Du romanesque à la Spielberg

Après Tintin, la 3D et la performance capture, Spielberg revient à un long-métrage plus classique qui contient en lui tout le cinéma du réalisateur américain.

L’argument : Une histoire d’amitié entre Albert, un jeune garçon, et son cheval Joey. Vendu à la cavalerie britannique dans les premières heures de la Première Guerre mondiale, Joey est directement envoyé au front. Mais il est capturé par les Allemands qui n’hésitent pas à s’en servir dans les combats. Albert, qui est encore trop jeune pour s’engager, décide de se lancer dans une mission de secours pour libérer son cheval...

Notre avis : Il serait très facile d’attaquer le dernier film de Steven Spielberg. Et on devrait retrouver bon nombre de critiques plus ou moins cyniques tirant à boulets rouges sur la dernière réalisation du père de Rencontres du troisième type. Reconnaissons que les premières minutes du film effraient légèrement. Pas loin d’égaler le niveau d’un épisode de La Petite maison dans la prairie, Cheval de Guerre filme d’abord la rencontre entre Albert (tiens, comme dans la série télé) et Joey, un cheval de course que le père du jeune garçon achète sur le marché, simplement pour ne pas le laisser à son propriétaire sans cœur. Seulement, pour nourrir sa famille et payer ce dernier, c’est d’un cheval de trait dont il a besoin pour labourer son terrain. Albert qui se prend d’affection pour le cheval va tenter de prouver la valeur de Joey dans une séquence où tout le village s’est réuni pour assister à un miracle qui tardera à arriver. Cette scène agit comme un pacte avec le spectateur. Comme Albert, qui a toute confiance dans les capacités de Joey, Spielberg invite le spectateur à croire en son histoire, à ce conte pour petits et grands. Parce que s’il faut aborder Cheval de Guerre, c’est à l’évidence sous le prisme du conte, pour ainsi en accepter tous les codes du genre.

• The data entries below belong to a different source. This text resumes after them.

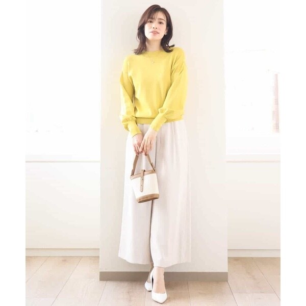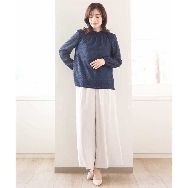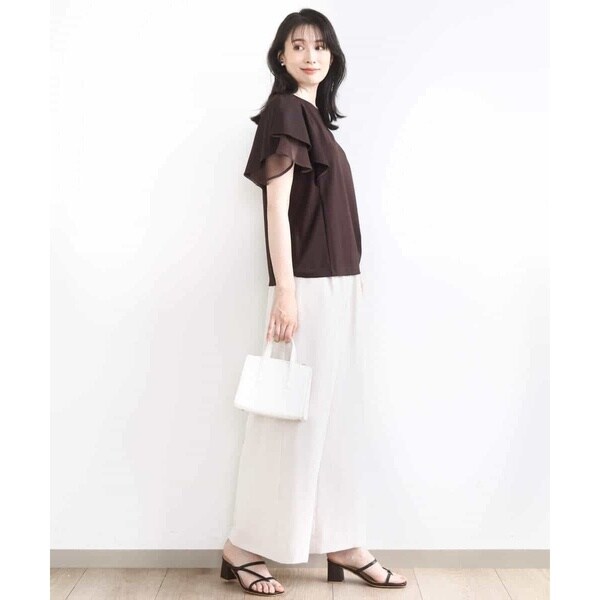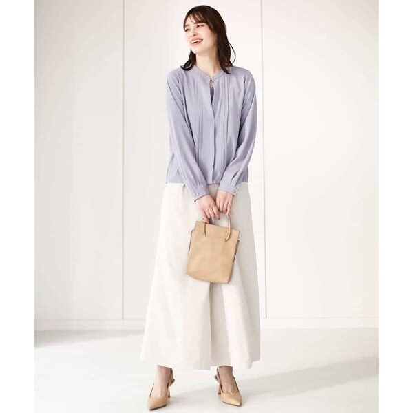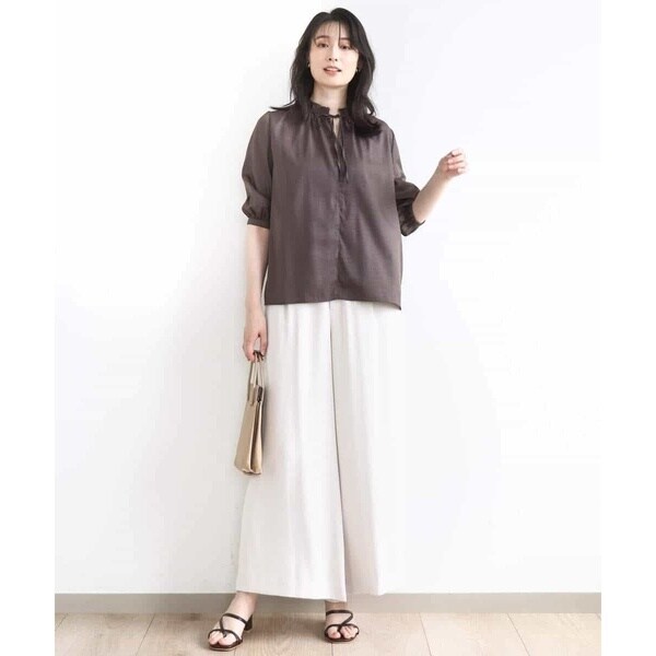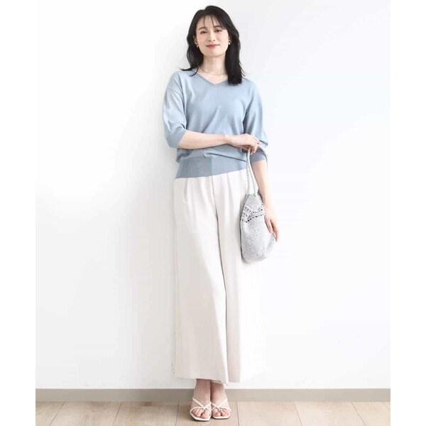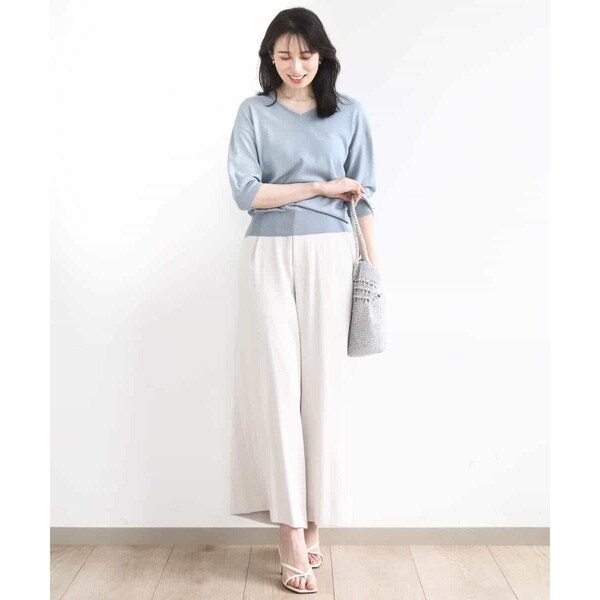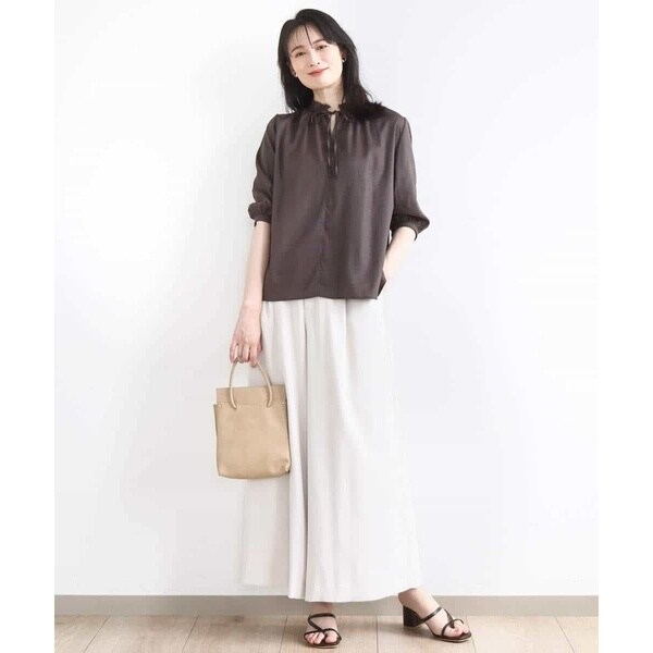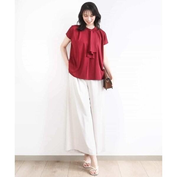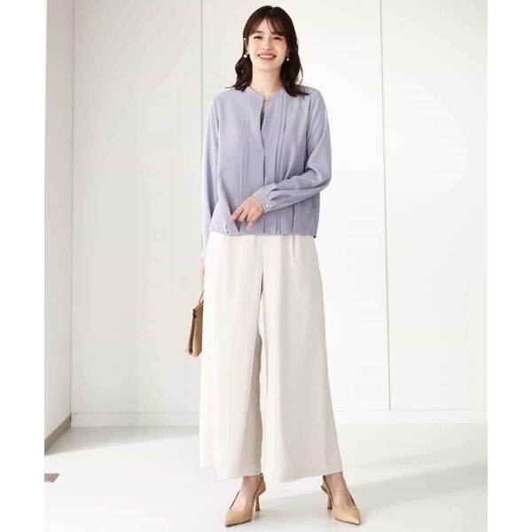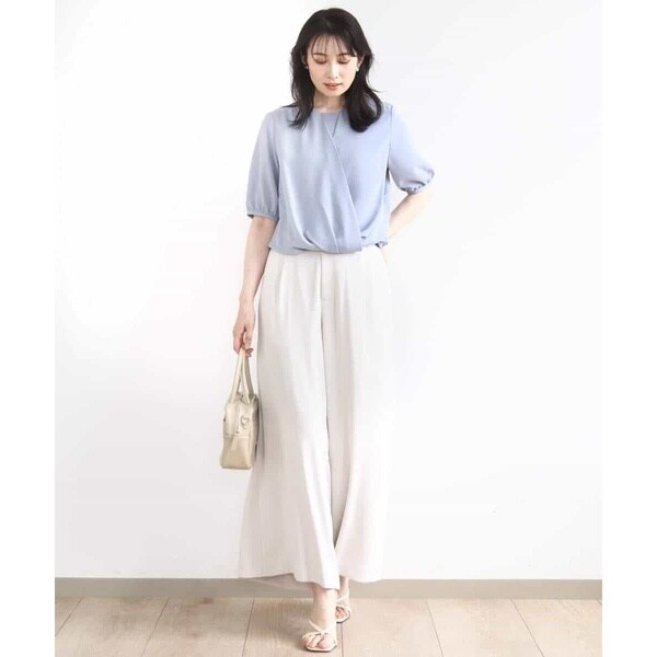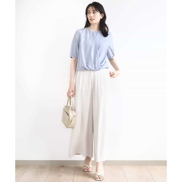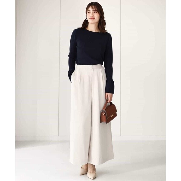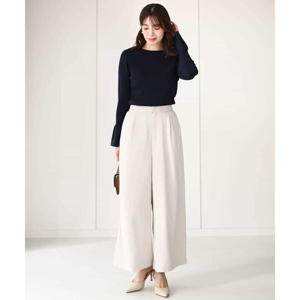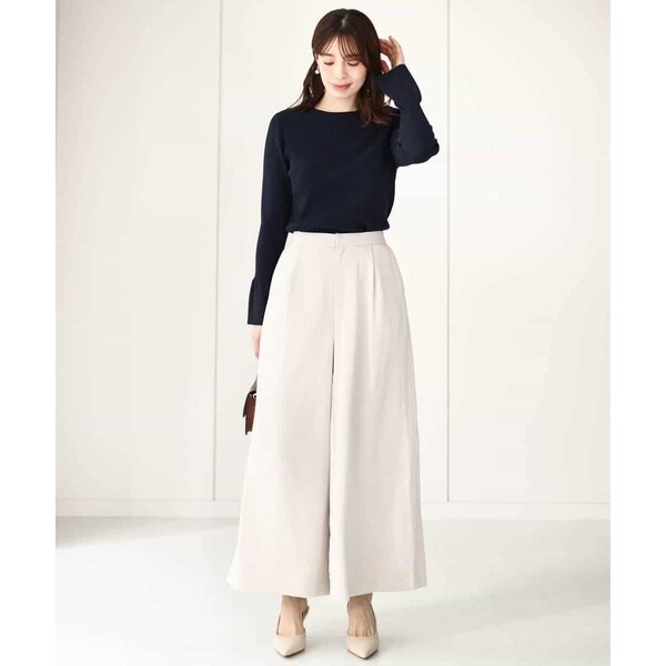 程良いハリ感と落ち感のあるきれいめ素材。上品な素材はきれい見えし、ワイドながらも広がりすぎず大人っぽく着こなせます。シワになりにくいイージーケアも嬉しい。
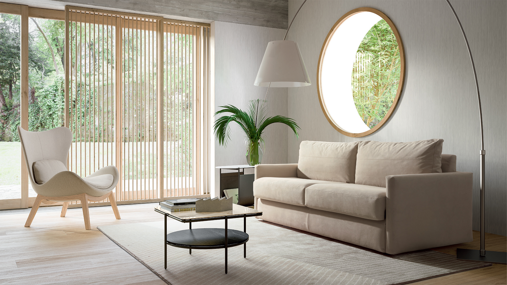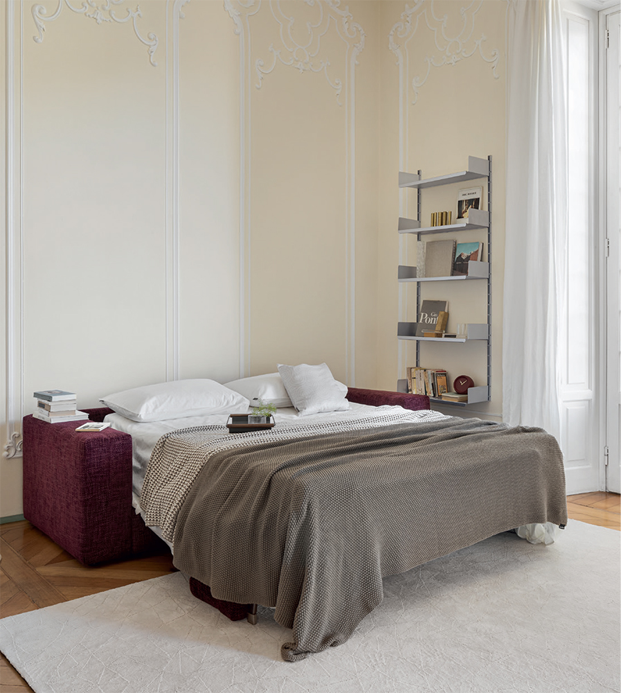 Convert — чрезвычайно универсальный диван: он предлагает подлокотники разных размеров, не столько для создания разных вкусовых зон, сколько для оптимизации пространства комнаты. Он оснащен полуавтоматическим механизмом, а матрас входит в комплект. Легко открывается: потяните за ленту, которая соответствует чехлу и спрятана в спинке; она закрывается с такой же легкостью, без необходимости перемещать подушки или что-либо еще.
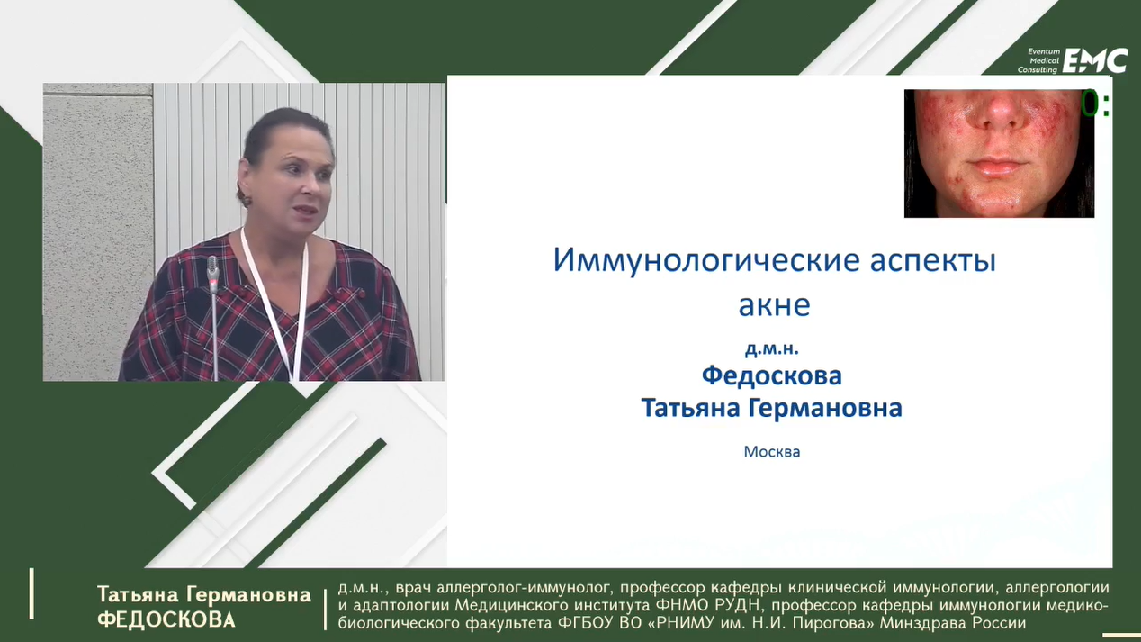 Наталья Владимировна Грязева, к.м.н., доцент, врач дерматовенеролог ФГБУ «Поликлиника №1» УД Президента РФ - Иммунологические аспекты акне.
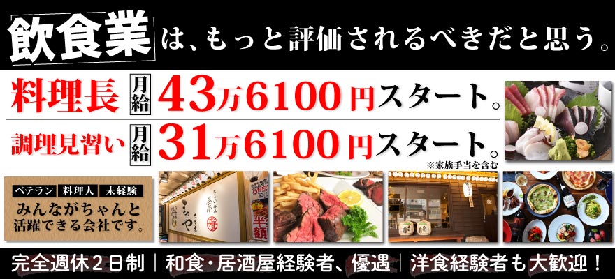 | 募集職種 | 1.料理長・料理長候補 、2.調理師・キッチンスタッフ 、3.ホールスタッフ 、4.調理見習い 、5.店長・店長候補 、6.寿司職人 、7.焼鳥職人 、8.本部スタッフ 、9.その他 、10.バーテンダー |
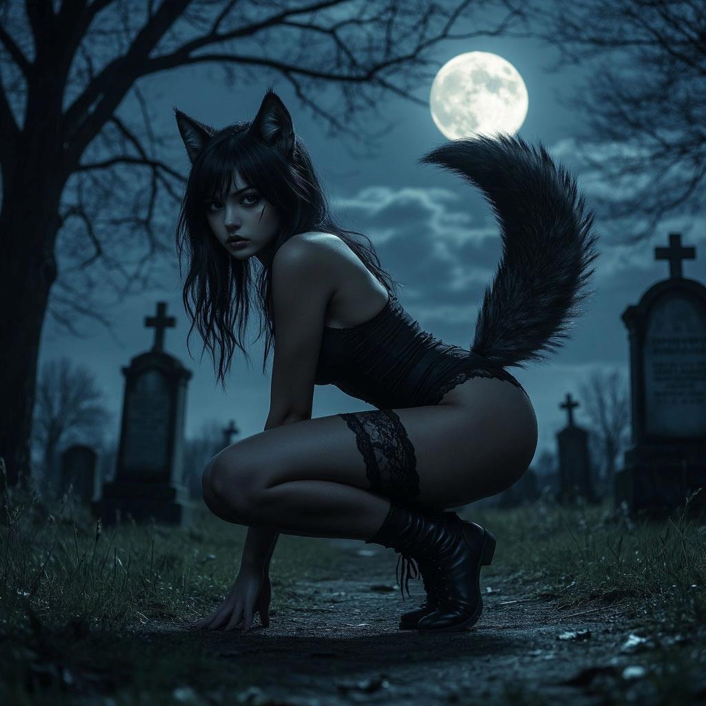 Девушка приподнялась с земли. Ее глаза были направлены на Джонса, это были не человеческие глаза, два светящихся жёлтых огонька. Голова девушки наклонилась в бок. Глаза были не единственной странностью, вместо обычных человеческих ушей на ее голове то и дело шевелились большие собачьи уши, а за спиной болтался шикарный черный хвост, его шерсть уже начала намокать от дождя, но это не уменьшало его объем.
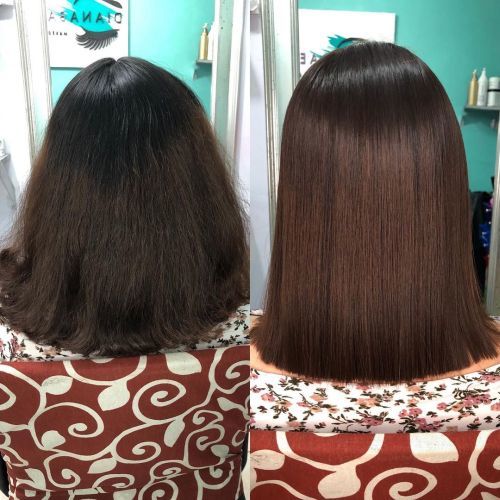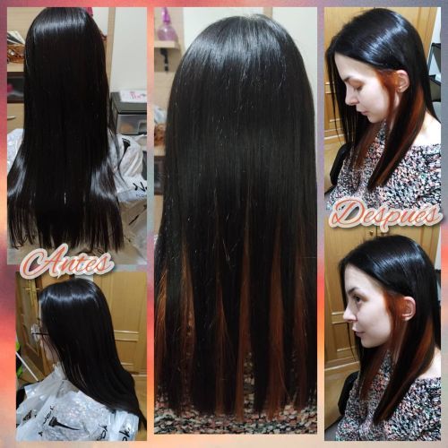 Imagen tomada del perfil de Instagram de kb_centro_de_bellezaLa combinación corte más color es una buena idea. Como esta melena oscura+cobriza con corte recto.
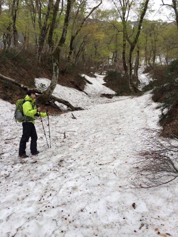 6合目、山頂付近も少し雪があり気温も山頂は0℃でした。
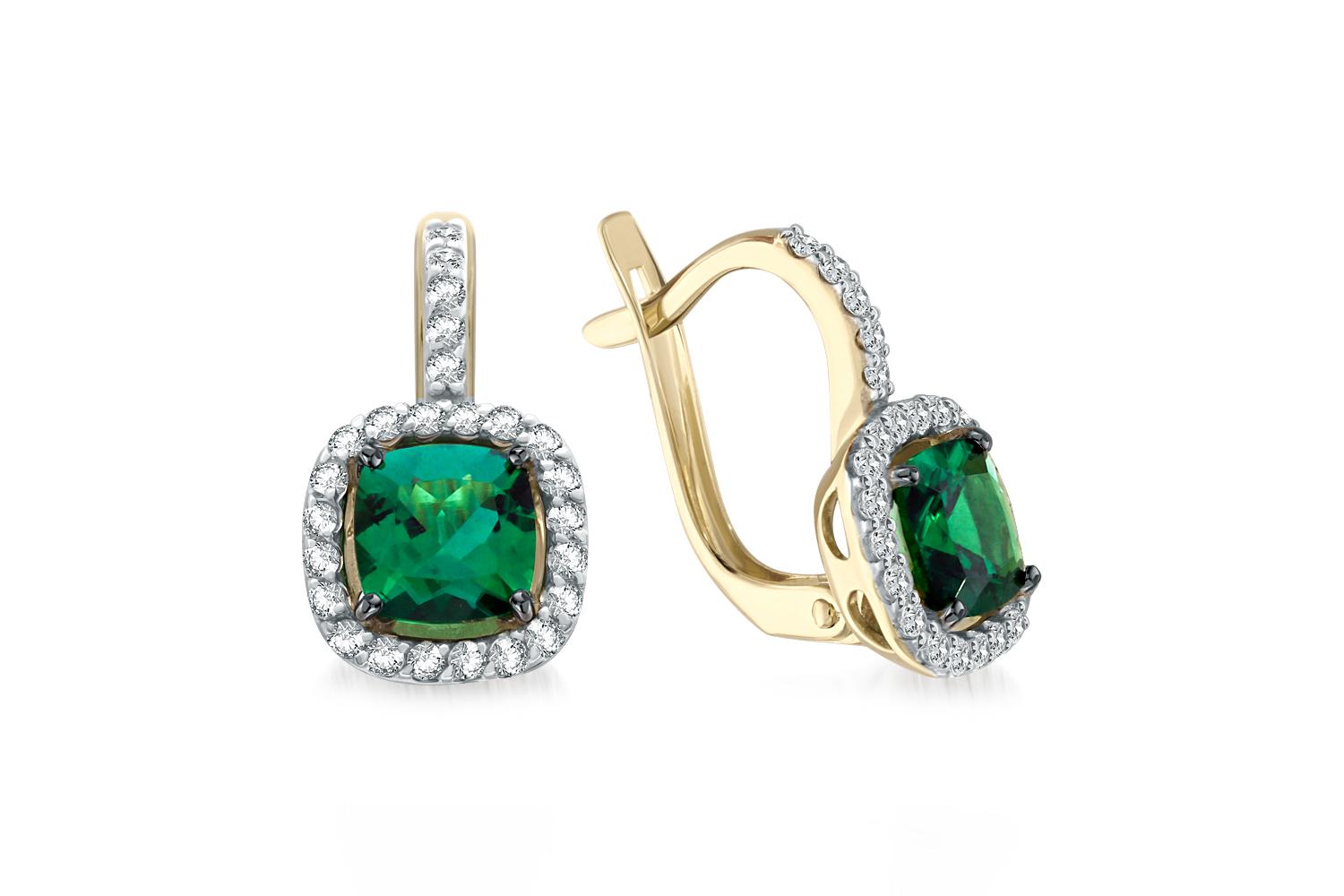 Мастера компании NEWGOLD, приложив всё свое мастерство и искусство, создали для Вас на нашем собственном производстве Серьги из жёлтого золота с 2 изумрудами и 50 бриллиантами.
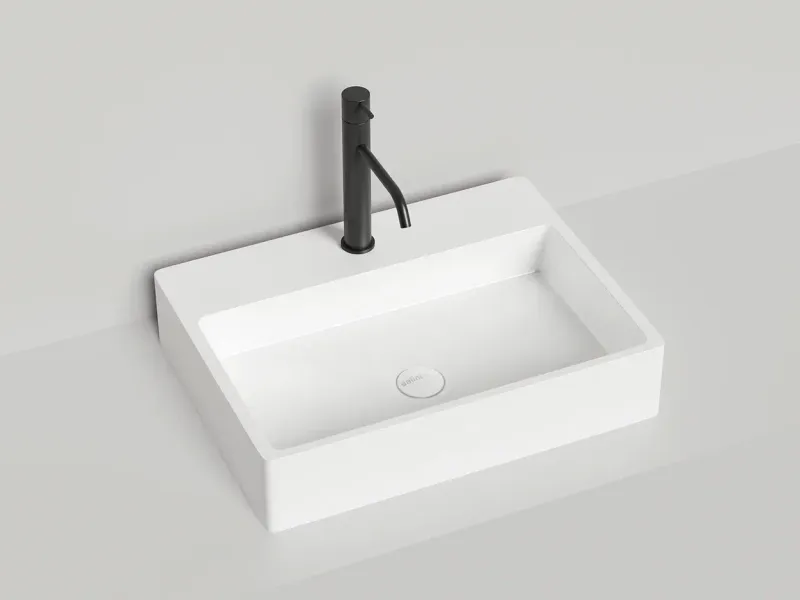 OTTAVIA – большая накладная раковина с прямоугольной формой чаши, в которой предусмотрена площадка под смеситель.

Comme tout conte, Cheval de Guerre démarre sur un évènement dramatique. Les temps sont durs et pour survivre, la famille d’Albert n’a pas d’autres choix que de vendre le cheval à la cavalerie britannique où il sera directement envoyé au front. La première Guerre Mondiale vit ses premières heures. Trop jeune, Albert ne peut accompagner Joey et doit se résigner à le laisser partir. Le film prend alors une toute autre tournure. A l’image du personnage de Tintin, le cheval devient le moteur de l’action. C’est par lui que le récit progresse, par lui que des personnages viennent s’y greffer. Spielberg signe alors un vrai film romanesque où le mélo de la première partie (dont la photo s’inscrit dans la lignée de L’Empire du Soleil et plus globalement de ses films des années 80) se trouve rompu par des saillies de violence plus proche de son cinéma actuel (la scène du moulin, fabuleuse). Et si le film conserve une naïveté tout du long, celle-ci demeure indissociable de l’histoire, elle apparaît comme une porte d’entrée indispensable. Exemplairement, on citera la séquence où le cheval, coincé dans les barbelés à égal distance des deux camps ennemis, provoque une courte trêve. Là encore, il serait facile d’en sourire, de la tourner en dérision. Mais la croyance insufflée dans cette dernière, à laquelle s’ajoute une naïveté totalement assumée, lui donne finalement une force insoupçonnée. Et c’est bien de cette croyance indéfectible, de cette naïveté revendiquée que Cheval de Guerre emporte le morceau.